(Exercise directions): Word for word, restate every record, though not the pictures.

-- Source material follows --

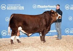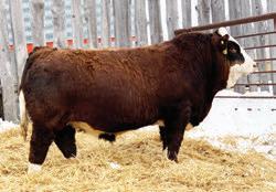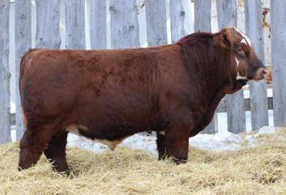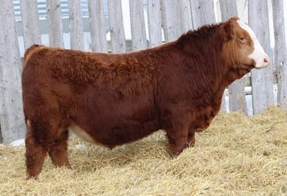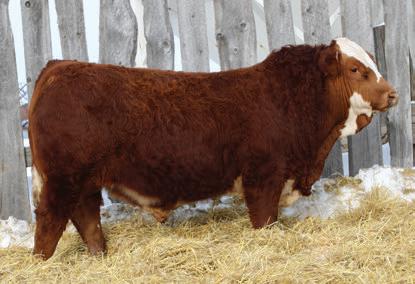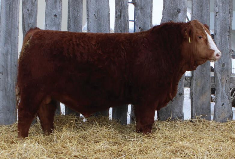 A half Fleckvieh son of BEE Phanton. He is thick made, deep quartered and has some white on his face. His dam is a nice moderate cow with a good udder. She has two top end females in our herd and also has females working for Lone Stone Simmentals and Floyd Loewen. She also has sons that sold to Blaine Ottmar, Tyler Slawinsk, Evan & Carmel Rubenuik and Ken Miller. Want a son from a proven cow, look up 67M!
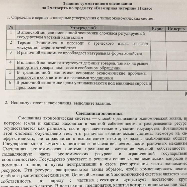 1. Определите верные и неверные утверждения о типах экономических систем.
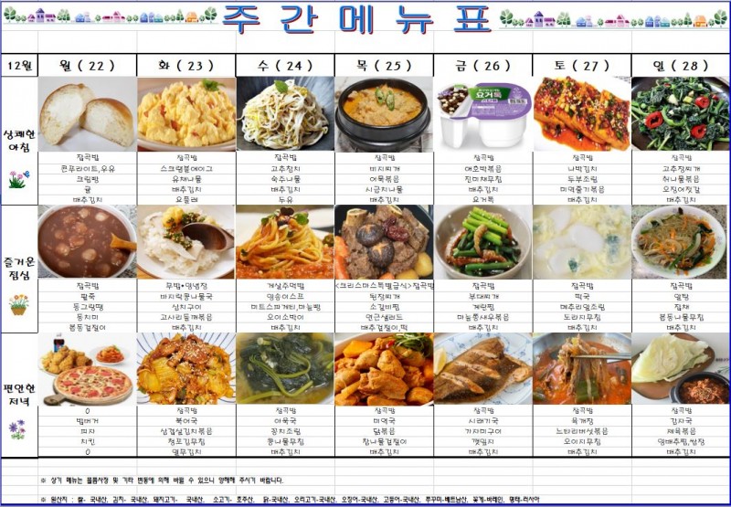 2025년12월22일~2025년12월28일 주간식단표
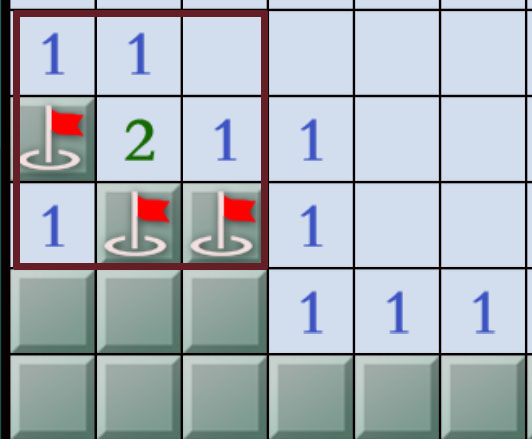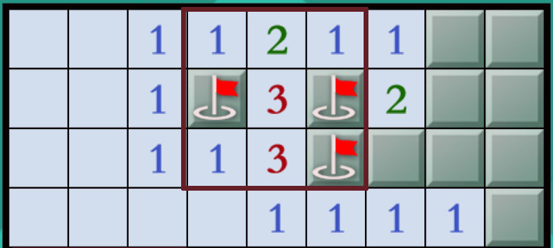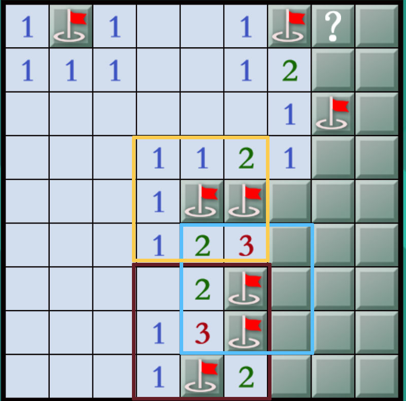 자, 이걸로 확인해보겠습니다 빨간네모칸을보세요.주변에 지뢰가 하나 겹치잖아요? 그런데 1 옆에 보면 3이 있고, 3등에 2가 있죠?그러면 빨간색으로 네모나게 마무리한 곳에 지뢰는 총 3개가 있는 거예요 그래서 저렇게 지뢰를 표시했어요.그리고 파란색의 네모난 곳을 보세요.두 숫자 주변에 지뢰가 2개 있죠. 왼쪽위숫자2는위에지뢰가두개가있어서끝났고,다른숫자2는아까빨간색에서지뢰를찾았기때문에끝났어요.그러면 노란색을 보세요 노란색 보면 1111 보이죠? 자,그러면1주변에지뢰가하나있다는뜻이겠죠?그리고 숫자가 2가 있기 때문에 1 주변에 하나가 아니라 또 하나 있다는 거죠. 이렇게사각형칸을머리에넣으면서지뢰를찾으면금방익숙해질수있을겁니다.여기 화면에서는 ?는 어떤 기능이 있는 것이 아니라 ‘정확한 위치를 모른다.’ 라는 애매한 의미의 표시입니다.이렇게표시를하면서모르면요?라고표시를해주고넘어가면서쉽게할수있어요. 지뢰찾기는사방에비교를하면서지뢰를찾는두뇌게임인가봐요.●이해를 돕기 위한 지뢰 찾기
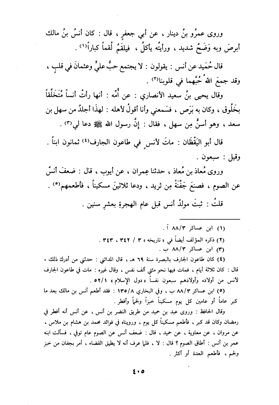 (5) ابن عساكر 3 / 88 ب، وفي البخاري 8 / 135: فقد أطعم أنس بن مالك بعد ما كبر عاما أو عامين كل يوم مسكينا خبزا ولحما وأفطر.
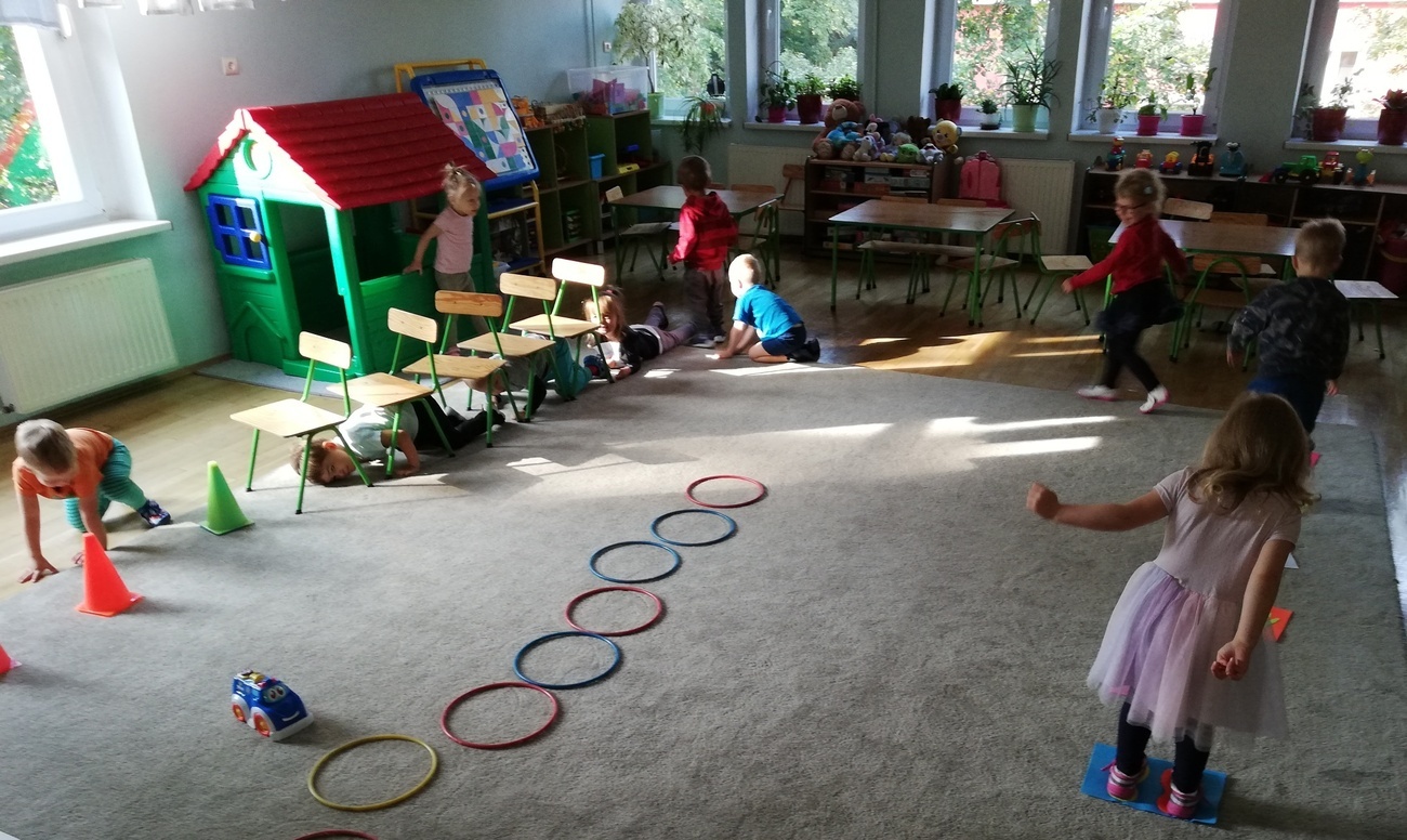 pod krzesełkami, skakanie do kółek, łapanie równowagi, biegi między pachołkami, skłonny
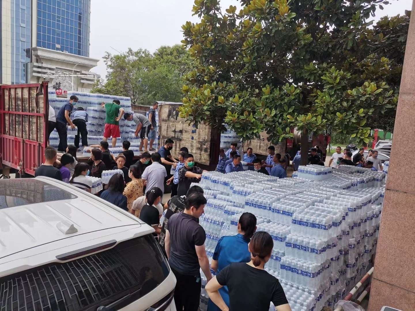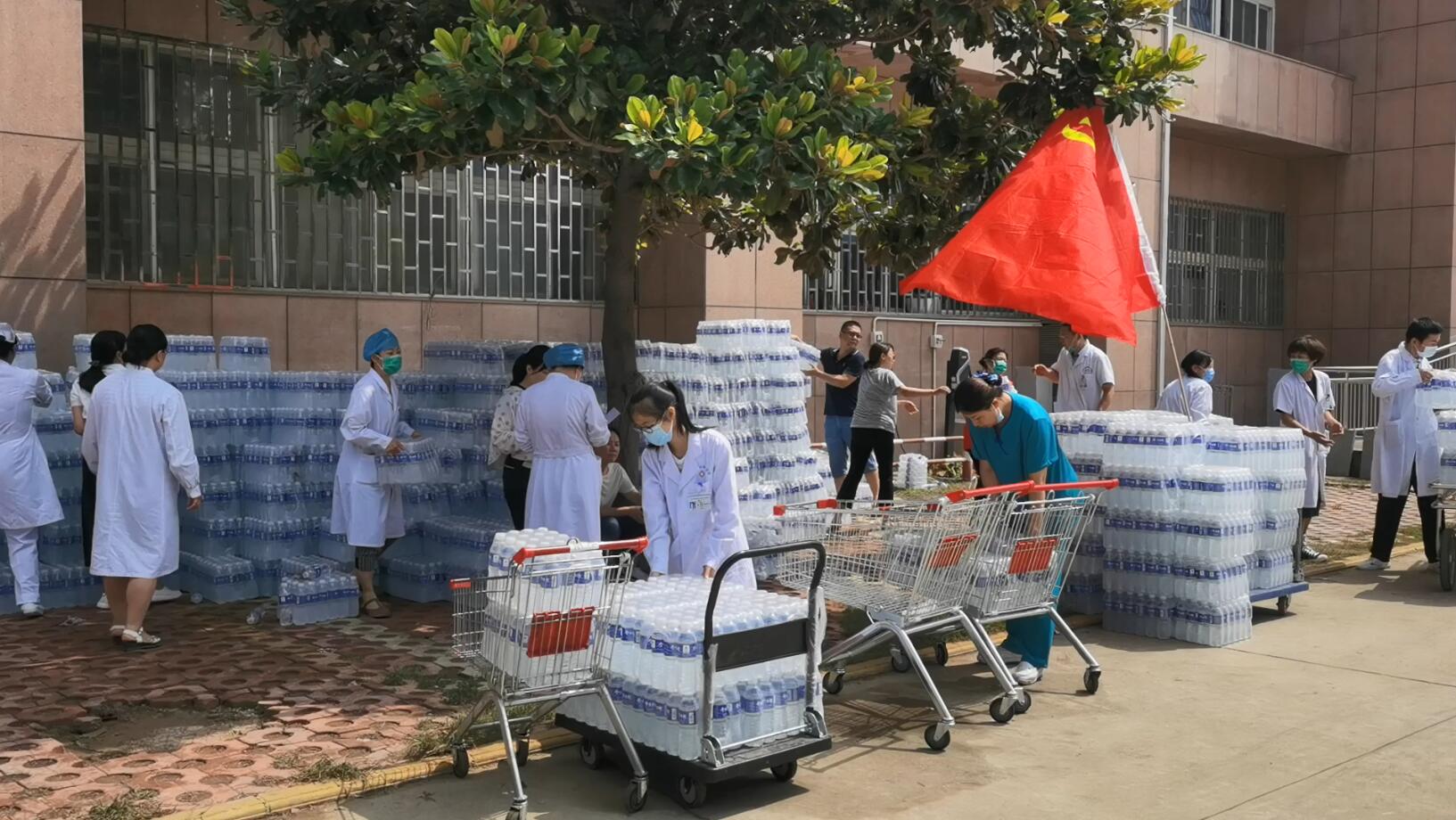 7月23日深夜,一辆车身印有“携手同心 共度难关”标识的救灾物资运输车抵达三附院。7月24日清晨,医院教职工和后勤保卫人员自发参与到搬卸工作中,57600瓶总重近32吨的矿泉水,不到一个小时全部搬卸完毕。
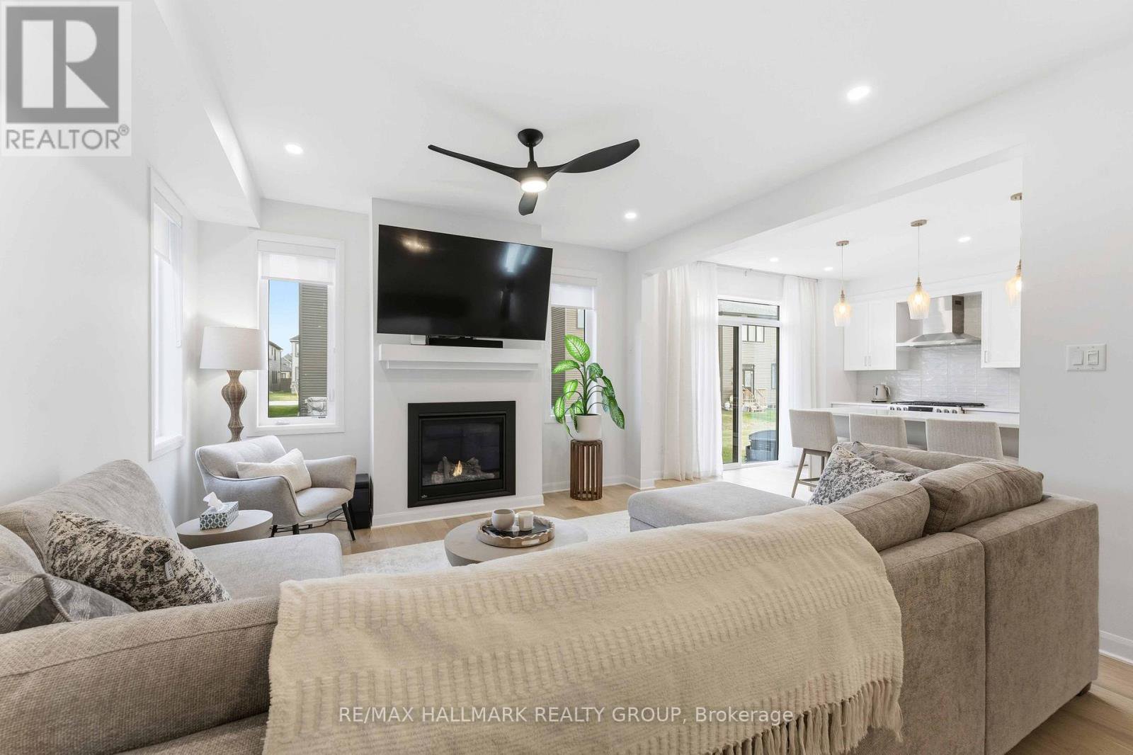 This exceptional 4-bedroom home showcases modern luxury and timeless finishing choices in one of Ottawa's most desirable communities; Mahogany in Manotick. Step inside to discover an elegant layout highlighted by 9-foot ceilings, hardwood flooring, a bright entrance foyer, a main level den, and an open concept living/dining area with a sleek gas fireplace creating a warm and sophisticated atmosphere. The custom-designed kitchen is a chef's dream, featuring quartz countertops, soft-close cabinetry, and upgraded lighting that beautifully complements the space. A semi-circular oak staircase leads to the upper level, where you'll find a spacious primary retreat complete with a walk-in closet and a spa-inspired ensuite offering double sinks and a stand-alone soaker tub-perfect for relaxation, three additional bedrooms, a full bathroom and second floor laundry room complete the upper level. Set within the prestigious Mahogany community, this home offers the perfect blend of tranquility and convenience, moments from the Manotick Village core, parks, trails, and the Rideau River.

-- Source material concluded --

(Result for this task):
 A half Fleckvieh son of BEE Phanton. He is thick made, deep quartered and has some white on his face. His dam is a nice moderate cow with a good udder. She has two top end females in our herd and also has females working for Lone Stone Simmentals and Floyd Loewen. She also has sons that sold to Blaine Ottmar, Tyler Slawinsk, Evan & Carmel Rubenuik and Ken Miller. Want a son from a proven cow, look up 67M!
 1. Определите верные и неверные утверждения о типах экономических систем.
 2025년12월22일~2025년12월28일 주간식단표
 자, 이걸로 확인해보겠습니다 빨간네모칸을보세요.주변에 지뢰가 하나 겹치잖아요? 그런데 1 옆에 보면 3이 있고, 3등에 2가 있죠?그러면 빨간색으로 네모나게 마무리한 곳에 지뢰는 총 3개가 있는 거예요 그래서 저렇게 지뢰를 표시했어요.그리고 파란색의 네모난 곳을 보세요.두 숫자 주변에 지뢰가 2개 있죠. 왼쪽위숫자2는위에지뢰가두개가있어서끝났고,다른숫자2는아까빨간색에서지뢰를찾았기때문에끝났어요.그러면 노란색을 보세요 노란색 보면 1111 보이죠? 자,그러면1주변에지뢰가하나있다는뜻이겠죠?그리고 숫자가 2가 있기 때문에 1 주변에 하나가 아니라 또 하나 있다는 거죠. 이렇게사각형칸을머리에넣으면서지뢰를찾으면금방익숙해질수있을겁니다.여기 화면에서는 ?는 어떤 기능이 있는 것이 아니라 ‘정확한 위치를 모른다.’ 라는 애매한 의미의 표시입니다.이렇게표시를하면서모르면요?라고표시를해주고넘어가면서쉽게할수있어요. 지뢰찾기는사방에비교를하면서지뢰를찾는두뇌게임인가봐요.●이해를 돕기 위한 지뢰 찾기
 (5) ابن عساكر 3 / 88 ب، وفي البخاري 8 / 135: فقد أطعم أنس بن مالك بعد ما كبر عاما أو عامين كل يوم مسكينا خبزا ولحما وأفطر.
 pod krzesełkami, skakanie do kółek, łapanie równowagi, biegi między pachołkami, skłonny
 7月23日深夜,一辆车身印有“携手同心 共度难关”标识的救灾物资运输车抵达三附院。7月24日清晨,医院教职工和后勤保卫人员自发参与到搬卸工作中,57600瓶总重近32吨的矿泉水,不到一个小时全部搬卸完毕。
 This exceptional 4-bedroom home showcases modern luxury and timeless finishing choices in one of Ottawa's most desirable communities; Mahogany in Manotick. Step inside to discover an elegant layout highlighted by 9-foot ceilings, hardwood flooring, a bright entrance foyer, a main level den, and an open concept living/dining area with a sleek gas fireplace creating a warm and sophisticated atmosphere. The custom-designed kitchen is a chef's dream, featuring quartz countertops, soft-close cabinetry, and upgraded lighting that beautifully complements the space. A semi-circular oak staircase leads to the upper level, where you'll find a spacious primary retreat complete with a walk-in closet and a spa-inspired ensuite offering double sinks and a stand-alone soaker tub-perfect for relaxation, three additional bedrooms, a full bathroom and second floor laundry room complete the upper level. Set within the prestigious Mahogany community, this home offers the perfect blend of tranquility and convenience, moments from the Manotick Village core, parks, trails, and the Rideau River.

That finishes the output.